■ DIRECTIONS
Would you print the lines below exactly, beginning at the line that has "Le résultat est" and stopping after the line that has "HOROTEC MSA06.522 REVERSIBLE"? Only those lines, and no pictures.

■ DATA IN THIS EXERCISE

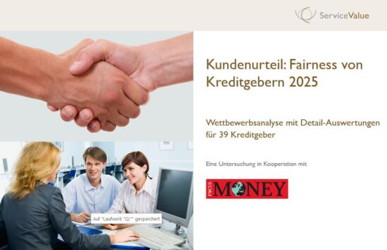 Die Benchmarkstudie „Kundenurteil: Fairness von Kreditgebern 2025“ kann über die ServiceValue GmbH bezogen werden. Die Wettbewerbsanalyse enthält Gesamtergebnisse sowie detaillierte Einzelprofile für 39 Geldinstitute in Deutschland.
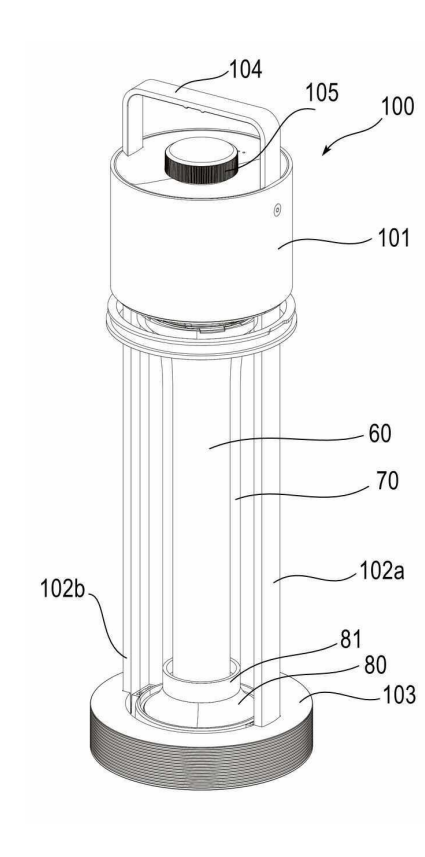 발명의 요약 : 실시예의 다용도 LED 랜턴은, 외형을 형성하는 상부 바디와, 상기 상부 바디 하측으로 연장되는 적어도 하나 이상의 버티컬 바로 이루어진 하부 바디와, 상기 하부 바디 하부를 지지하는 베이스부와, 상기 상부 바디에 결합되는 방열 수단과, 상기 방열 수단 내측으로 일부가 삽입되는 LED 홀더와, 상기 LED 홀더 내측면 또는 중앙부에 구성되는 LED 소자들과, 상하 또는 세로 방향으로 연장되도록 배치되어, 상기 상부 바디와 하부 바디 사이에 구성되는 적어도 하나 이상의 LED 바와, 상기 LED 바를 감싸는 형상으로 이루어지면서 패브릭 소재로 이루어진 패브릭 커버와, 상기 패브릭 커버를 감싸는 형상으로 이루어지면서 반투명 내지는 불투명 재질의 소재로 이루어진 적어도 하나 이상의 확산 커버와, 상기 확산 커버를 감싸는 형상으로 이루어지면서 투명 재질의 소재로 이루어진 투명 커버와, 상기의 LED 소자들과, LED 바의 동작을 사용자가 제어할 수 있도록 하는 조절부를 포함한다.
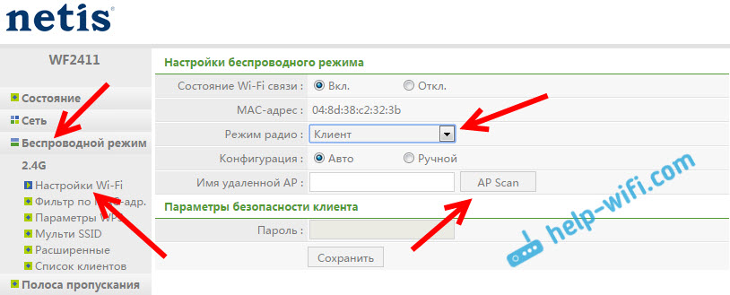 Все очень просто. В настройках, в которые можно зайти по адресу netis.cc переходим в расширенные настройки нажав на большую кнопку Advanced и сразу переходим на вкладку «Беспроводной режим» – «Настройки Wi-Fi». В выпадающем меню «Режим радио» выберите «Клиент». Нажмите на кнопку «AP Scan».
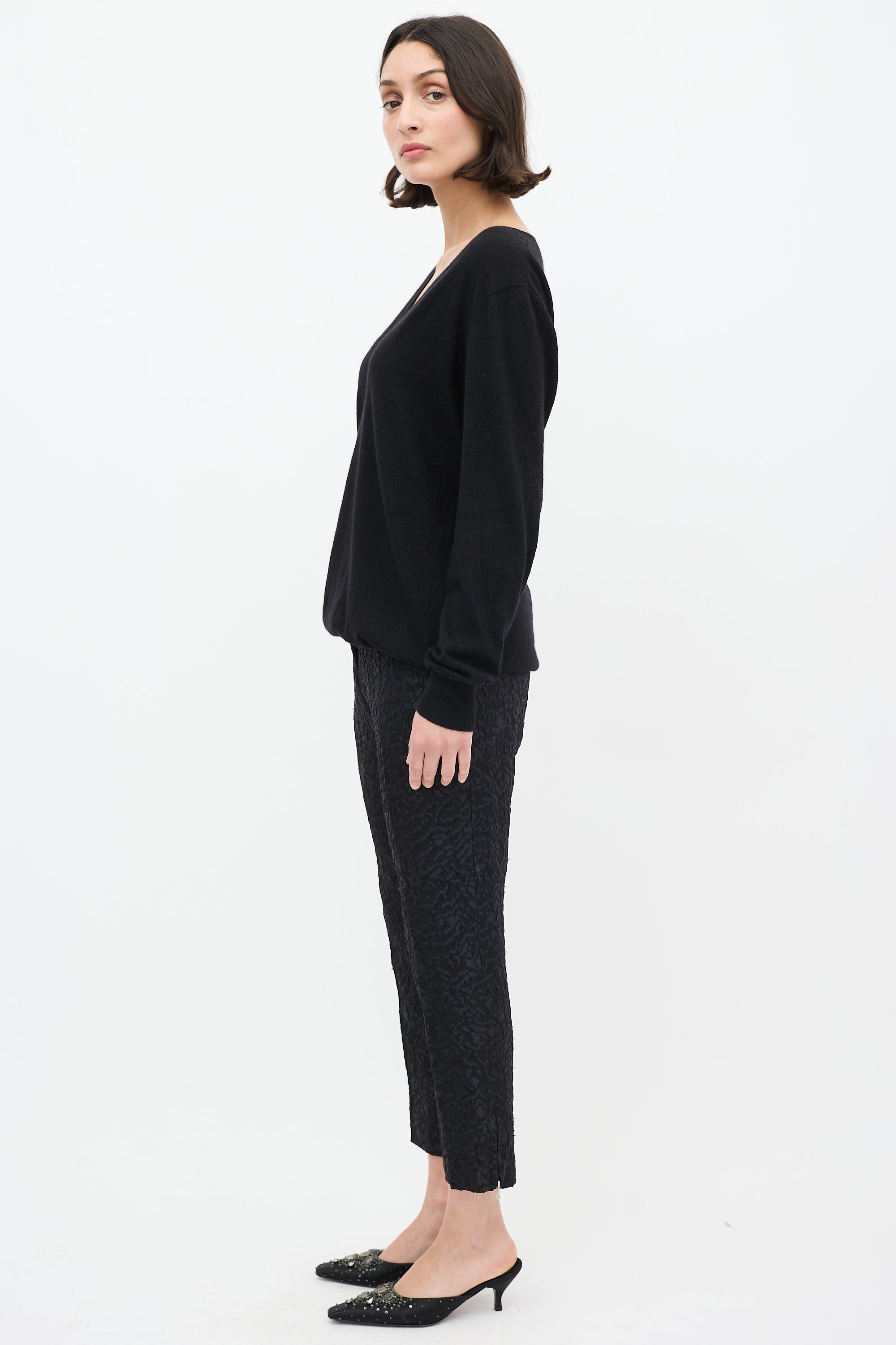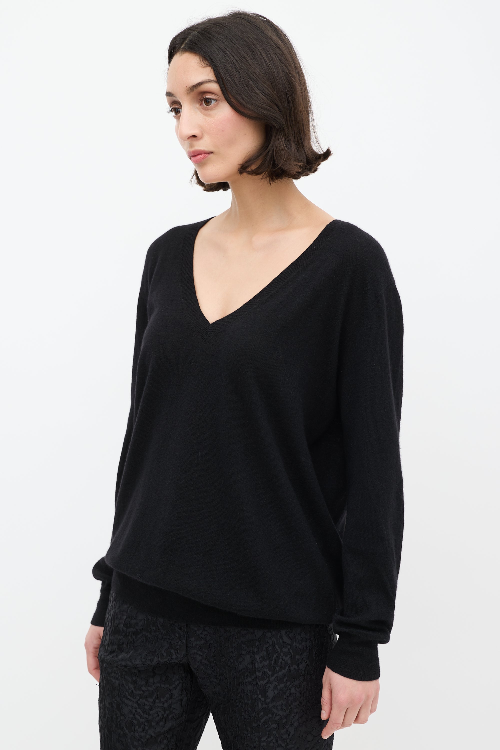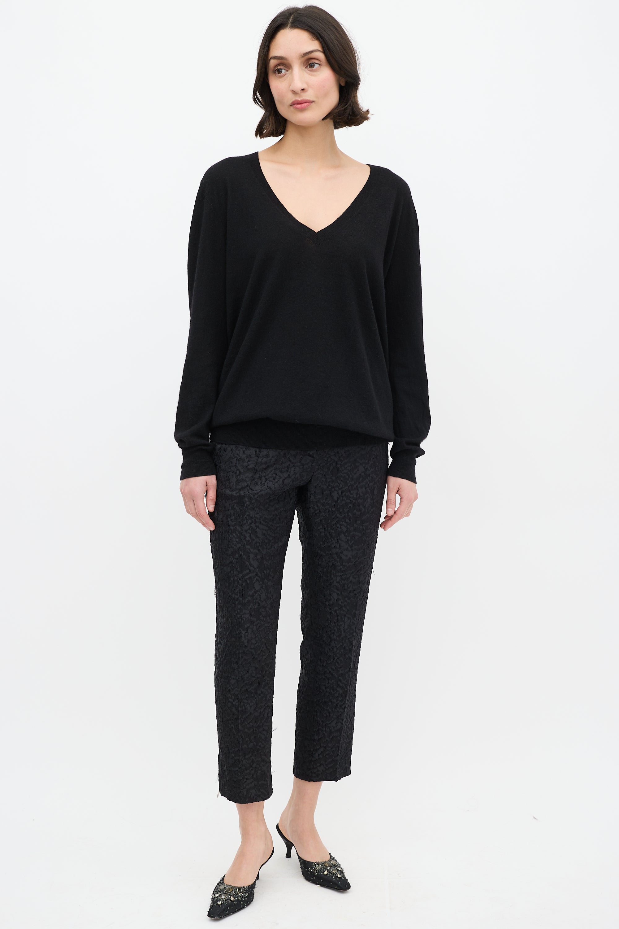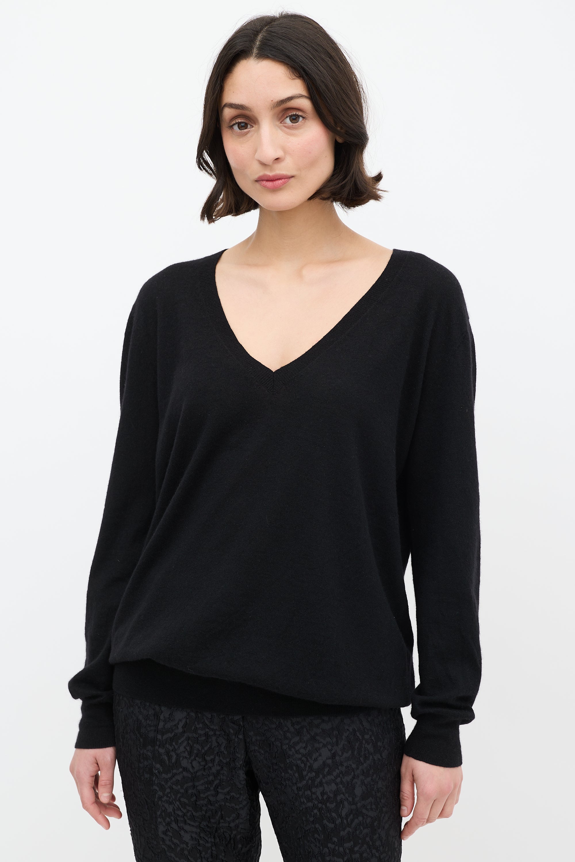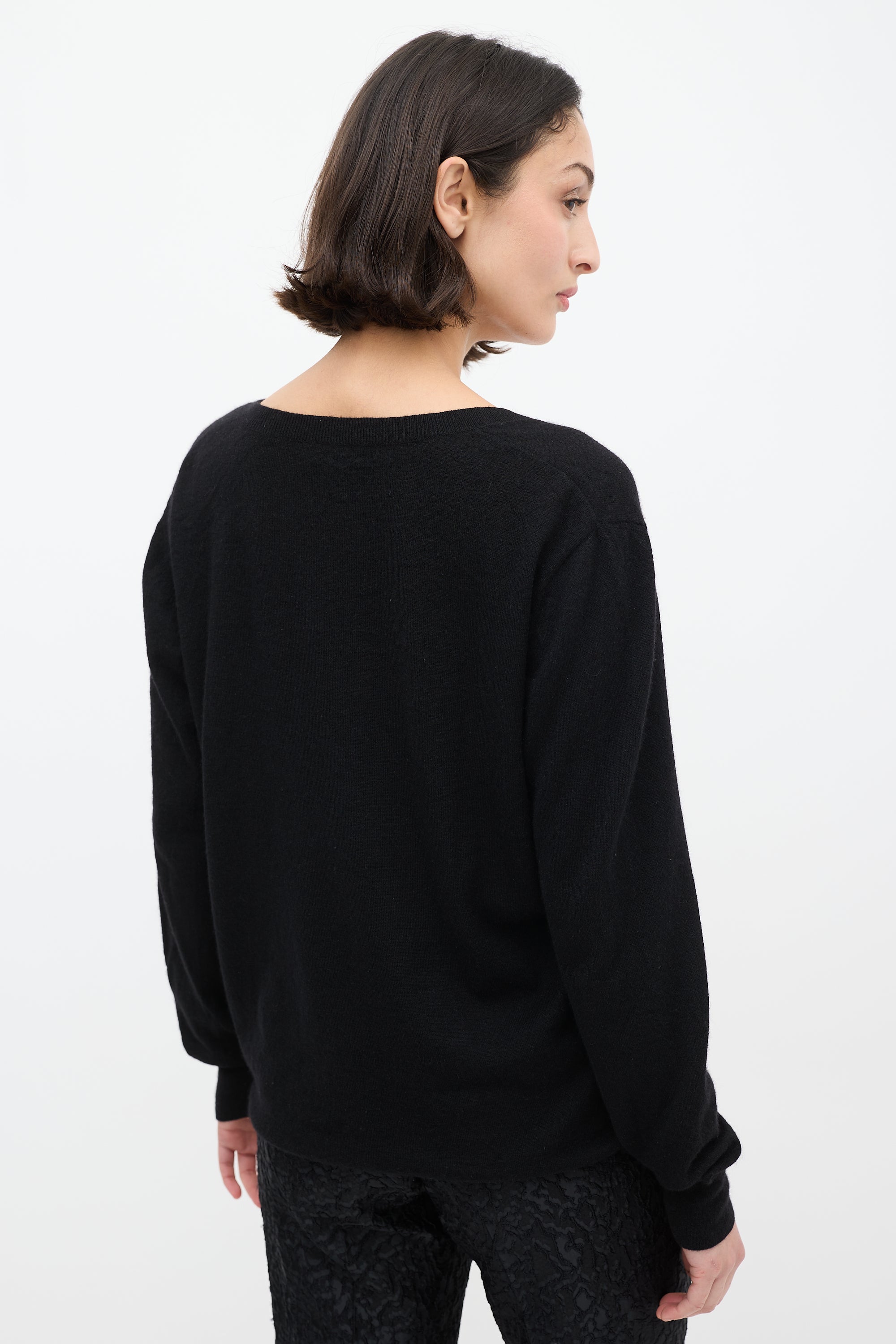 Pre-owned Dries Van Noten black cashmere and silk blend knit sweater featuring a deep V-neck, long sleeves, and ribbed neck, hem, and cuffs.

---

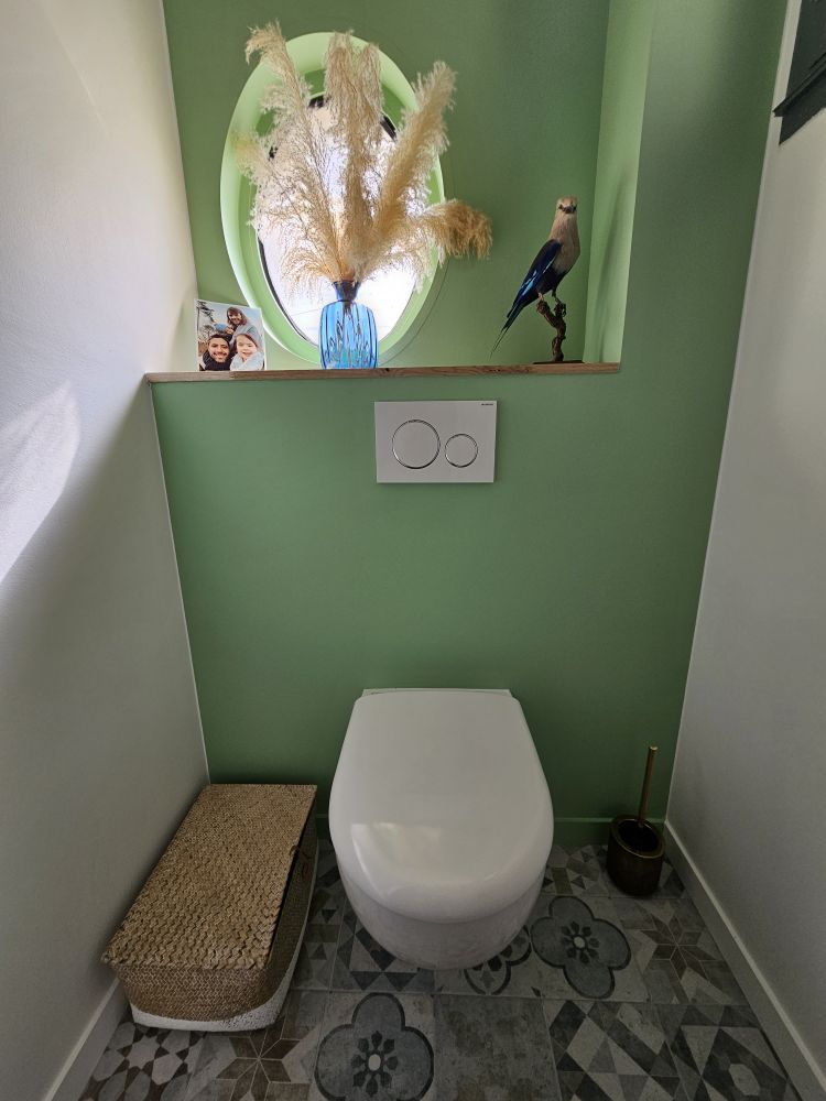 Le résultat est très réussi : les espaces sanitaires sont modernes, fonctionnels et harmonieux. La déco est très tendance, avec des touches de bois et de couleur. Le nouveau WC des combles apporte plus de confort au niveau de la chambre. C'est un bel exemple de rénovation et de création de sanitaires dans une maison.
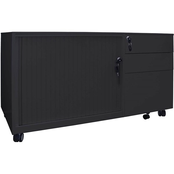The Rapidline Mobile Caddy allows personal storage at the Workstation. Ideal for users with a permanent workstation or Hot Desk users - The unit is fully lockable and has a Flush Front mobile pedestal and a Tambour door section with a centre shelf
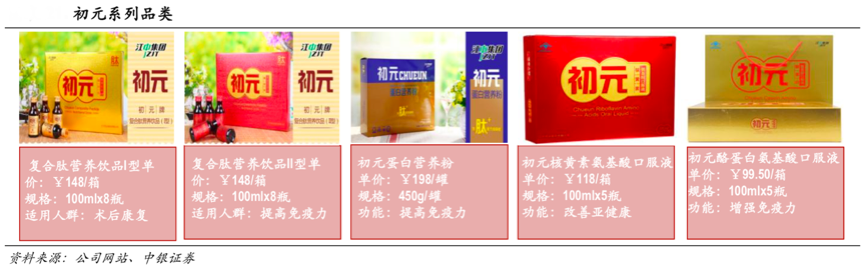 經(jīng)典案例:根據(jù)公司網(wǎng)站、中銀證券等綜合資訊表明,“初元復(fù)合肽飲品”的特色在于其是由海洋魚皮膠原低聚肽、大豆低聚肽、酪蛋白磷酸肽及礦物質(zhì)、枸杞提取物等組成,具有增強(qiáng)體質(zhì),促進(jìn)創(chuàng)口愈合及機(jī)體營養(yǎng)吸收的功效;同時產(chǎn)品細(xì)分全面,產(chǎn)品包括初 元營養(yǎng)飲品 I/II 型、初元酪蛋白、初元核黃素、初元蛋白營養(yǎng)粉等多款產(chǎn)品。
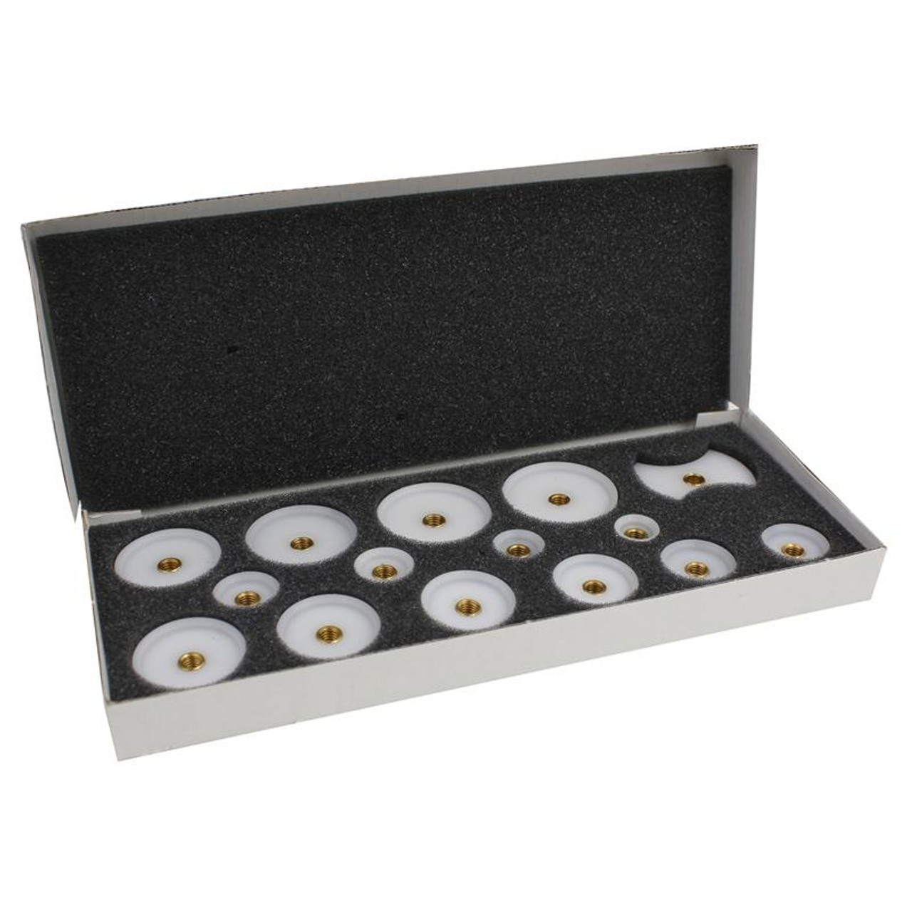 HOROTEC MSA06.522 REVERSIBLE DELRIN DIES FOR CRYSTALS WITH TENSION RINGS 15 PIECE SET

...

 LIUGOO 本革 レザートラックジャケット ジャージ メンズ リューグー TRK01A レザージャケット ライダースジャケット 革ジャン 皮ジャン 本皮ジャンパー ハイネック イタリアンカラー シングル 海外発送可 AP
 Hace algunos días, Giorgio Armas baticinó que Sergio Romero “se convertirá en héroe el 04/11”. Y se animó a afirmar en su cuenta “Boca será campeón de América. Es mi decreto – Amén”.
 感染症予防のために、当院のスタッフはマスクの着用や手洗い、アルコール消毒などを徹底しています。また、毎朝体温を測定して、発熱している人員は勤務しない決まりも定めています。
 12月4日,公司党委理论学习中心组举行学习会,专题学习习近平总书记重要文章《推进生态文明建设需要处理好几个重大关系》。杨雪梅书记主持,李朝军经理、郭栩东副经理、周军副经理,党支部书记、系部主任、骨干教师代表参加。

■ SOLUTION TO THE EXERCISE
 Le résultat est très réussi : les espaces sanitaires sont modernes, fonctionnels et harmonieux. La déco est très tendance, avec des touches de bois et de couleur. Le nouveau WC des combles apporte plus de confort au niveau de la chambre. C'est un bel exemple de rénovation et de création de sanitaires dans une maison.
The Rapidline Mobile Caddy allows personal storage at the Workstation. Ideal for users with a permanent workstation or Hot Desk users - The unit is fully lockable and has a Flush Front mobile pedestal and a Tambour door section with a centre shelf
 經(jīng)典案例:根據(jù)公司網(wǎng)站、中銀證券等綜合資訊表明,“初元復(fù)合肽飲品”的特色在于其是由海洋魚皮膠原低聚肽、大豆低聚肽、酪蛋白磷酸肽及礦物質(zhì)、枸杞提取物等組成,具有增強(qiáng)體質(zhì),促進(jìn)創(chuàng)口愈合及機(jī)體營養(yǎng)吸收的功效;同時產(chǎn)品細(xì)分全面,產(chǎn)品包括初 元營養(yǎng)飲品 I/II 型、初元酪蛋白、初元核黃素、初元蛋白營養(yǎng)粉等多款產(chǎn)品。
 HOROTEC MSA06.522 REVERSIBLE DELRIN DIES FOR CRYSTALS WITH TENSION RINGS 15 PIECE SET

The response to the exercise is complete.